Defesa cobra do TSE acesso urgente a dados disponíveis desde 2021


(Foto: Abdias Pinheiro/Secom/TSE)

O ministro da Defesa, general Paulo Sérgio Nogueira, encaminhou na segunda-feira (1º) ao Tribunal Superior Eleitoral (TSE) um ofício classificado como "urgentíssimo", no qual pede para ter acesso aos códigos-fontes das urnas eletrônicas.

Entretanto, de acordo com o TSE, o acesso aos códigos-fonte do sistema de votação foi aberto em outubro de 2021, um ano antes da realização do pleito. Ou seja, a solicitação foi feita dez meses depois de o TSE ter aberto o código-fonte das urnas aos mais de 150 representantes das diversas entidades fiscalizadoras com legitimidade para atuar na fiscalização do processo eleitoral de 2022, incluindo membros das próprias Forças Armadas. O pedido ainda cita o "exíguo tempo disponível" até o dia da votação.

"Solicito a Vossa Excelência a disponibilização dos códigos-fontes dos sistemas eleitorais, mais especificamente do Sistema de Apuração [SA], do Sistema de Votação [VOTA], do Sistema de Logs de aplicações SA e VOTA e do Sistema de Totalização [SisTot], que serão utilizados no processo eleitoral", diz o documento enviado ao TSE e citado pelo UOL.

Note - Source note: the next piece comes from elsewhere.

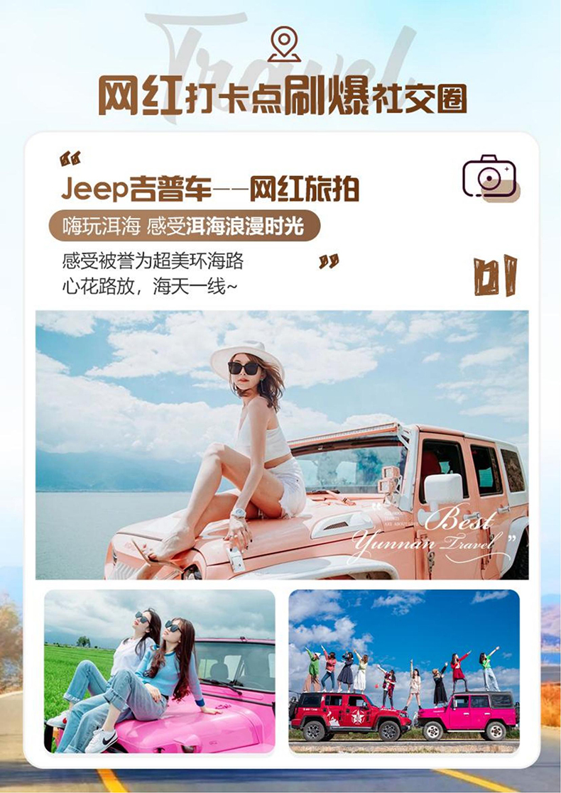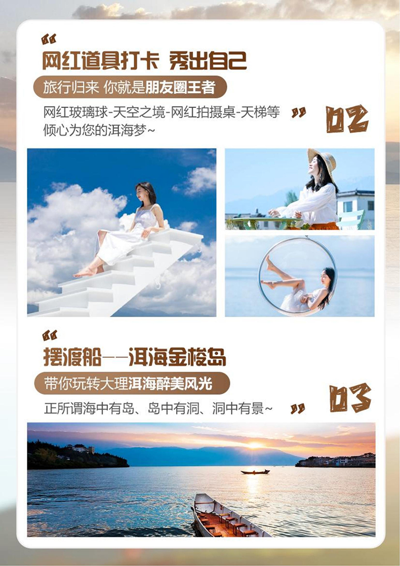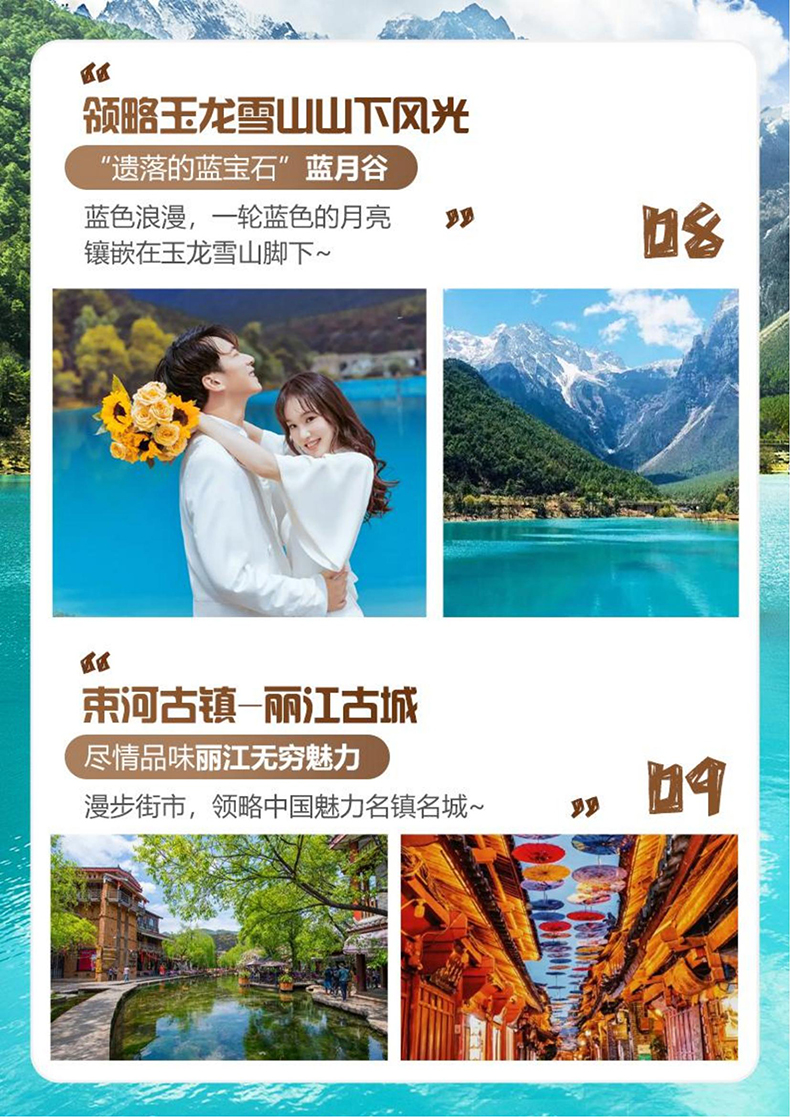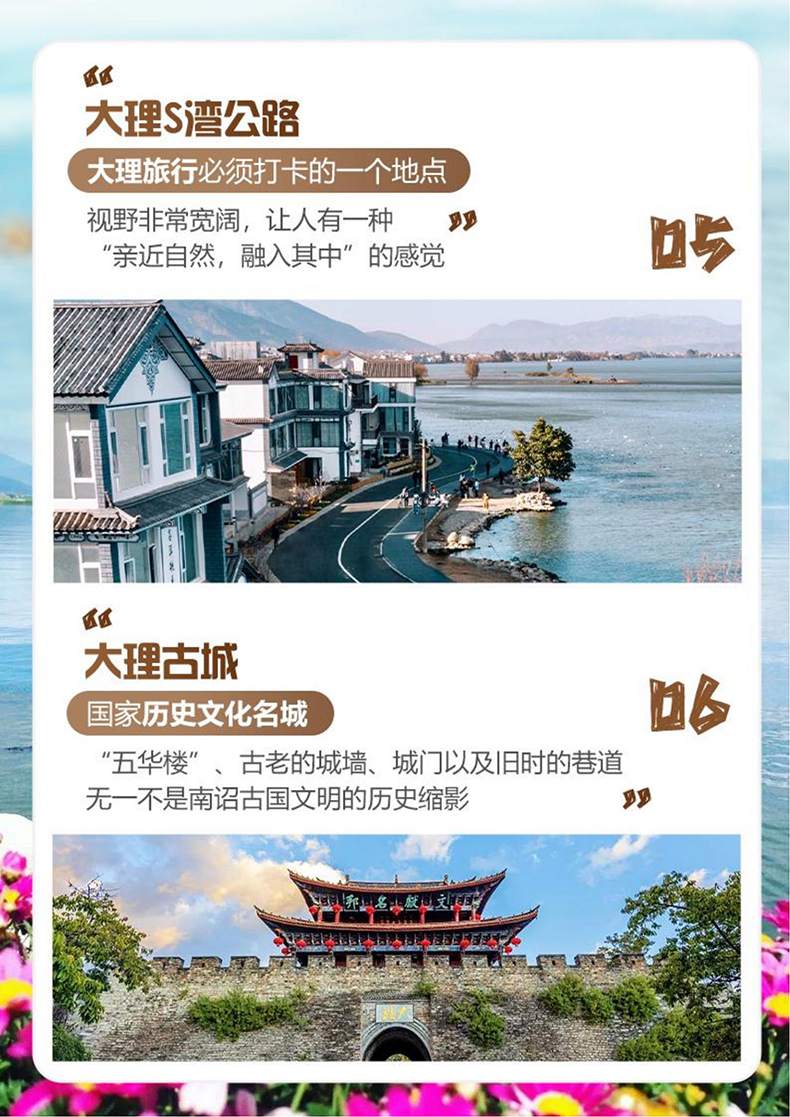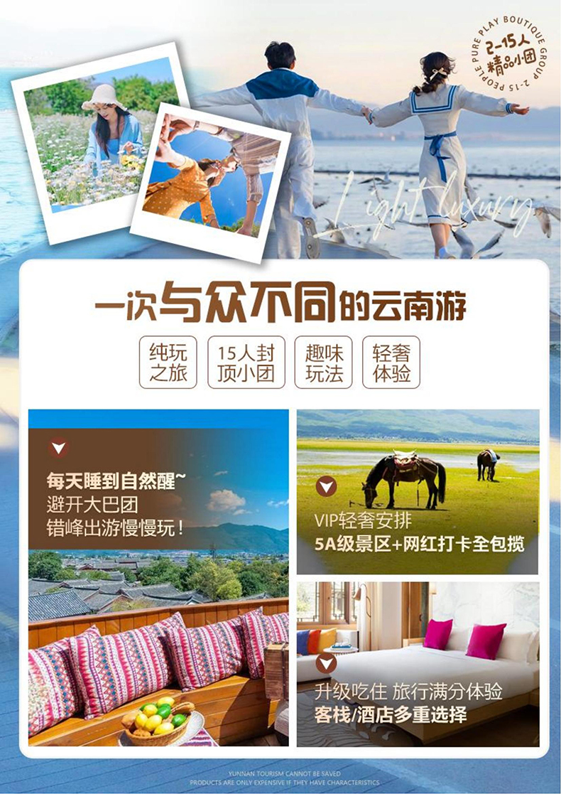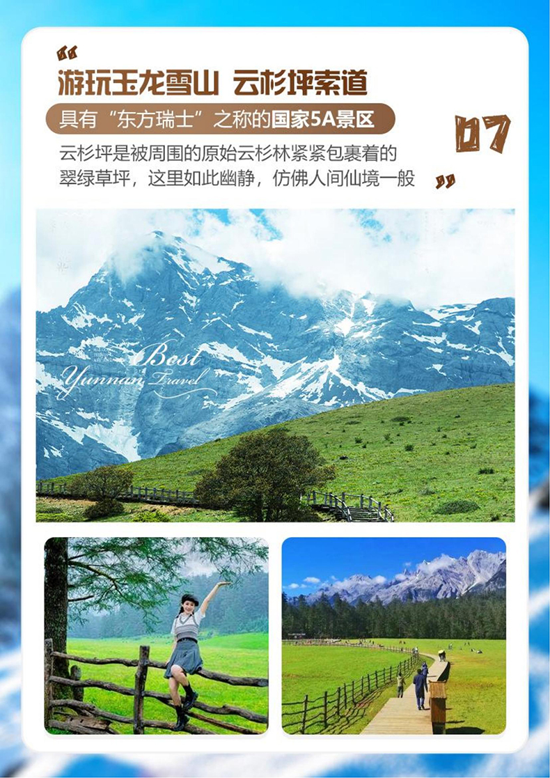 景区其他费用:大理古城电瓶车35元/人、雪山丽江蓝月谷电瓶车 60 元/人、拉市海骑马260—360元/人

No mesmo documento, o chefe da Defesa solicita que a disponibilização dos dados seja feita até 12 de agosto por conta da proximidade das eleições.

Ao mesmo tempo, em outro ofício encaminhado ao TSE também na segunda-feira (1º), Nogueira cobra "informações técnicas preparatórias" solicitadas pela pasta em junho por meio de dois outros ofícios.

O intuito dessas informações seria "viabilizar os trabalhos da equipe das Forças Armadas de Fiscalização do Sistema Eletrônico de Votação, à luz da Resolução TSE no 23.673, de 14 de dezembro de 2021".

A reunião com representantes das entidades fiscalizadoras teve o objetivo de passar esclarecimentos sobre etapas, métodos, locais e formas de fiscalização e auditoria do sistema eletrônico de votação previstas na norma que disciplina o tema.

Uma das pessoas presentes foi o engenheiro Carlos Rocha, que preside o Instituto Voto Legal e representou o Partido Liberal, sigla do presidente da República, Jair Bolsonaro.

Entretanto, pessoas que estavam no encontro avaliaram que o desempenho de Rocha foi muito ruim, segundo o UOL, e afirmaram que o membro do partido de Bolsonaro demonstrou ter a intenção de causar algum "embaraço" ao TSE, e sua participação causou desconforto nos demais presentes.